Kristin Hannah's The Women offered an irresistible setup for me, so I was in for another Hannah novel. The Women shines a light on the women who served pivotal roles in the Vietnam War--but whose existence was largely ignored, forgotten, or denied by Americans at home.

Main protagonist Frankie signs up to leave her idyllic, privileged Southern California life--and the control of her conservative parents--in order to serve as a nurse serving soldiers in combat. Her brother is killed in combat before she even ships out, and her parents reject her potential to be a war hero worthy of a photo on the family's wall of honor, so she is reeling before she even enters the shock of Vietnam.

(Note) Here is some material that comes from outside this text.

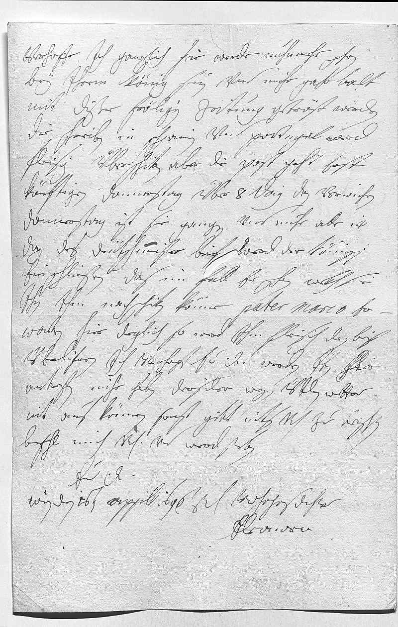 0017verhoffe ich ganzlich, sie werde nuhnmehr schon 0018bey ihrem König sein vnd mihr gahr balt 0019mit dißer fröligen zeitung getröst werden. 0020Die schreiben in Schpanien vnd Portugal werd 0021fleisig überschiken, aber die post geht erst 0022könftigen donnerstag über 8 dag, den verwichen 0023donnerstag ist sie gangen vnd geht nuhr alle 14 0024dag. Des Deütschmeister brif werd der Königin 0025einschließen, das, im fall er schon wekh sei, sie0026ihn ihm nachschiken könne. Pater Marco er- 0027warten wir hier deglich, so werd ihm fleisich den brif 0028überlifren, ich verhoff, ewer Durchlaucht werden ihn hier 0029antrefen. Mihr haben dersider wegen üblen wetter 0030nit aus können, sonst gibt niks vnterdehnigst zu berischten, 0031befehl mich vnterdehnigst vnd werd sterben 0032ewer Durchlaucht 0033vnterdehnigste trewgehorsamste dochter 0034Eleonora 0035Wien den 16ten apprill 1690

She faces repeated horrors of war, must find her own inner fortitude, and forges eternal loyalty and friendship with others coping with the same crises.

When she returns home, she faces anti-war sentiments, the shock of returning to her pre-war life, and coping with the trauma of many months overseas amid destruction and death.

The wartime detail as well as the jarring shift to post-war life were exceptional elements. The excellent historical fiction here is conflated with romance-novel-worthy storylines and dialogue ("You don't know how beautiful you are" types of lines; unrealistically convenient run-ins; not-dead-after-all twists; and more). This aspect keeps the story moving, although it frequently distracted me from the hearty story of Vietnam, its complex costs and its dark perception at home, and the truth about the many forgotten women serving as nurses there, whose bravery helped send so many injured American soldiers home.

I listened to The Women as an audiobook.

Do you have any Bossy thoughts about this book?

Kristin Hannah is the author of more than twenty novels, including The Nightingale, which I loved and mentioned in my Greedy Reading List Six Books about Brave Female Spies.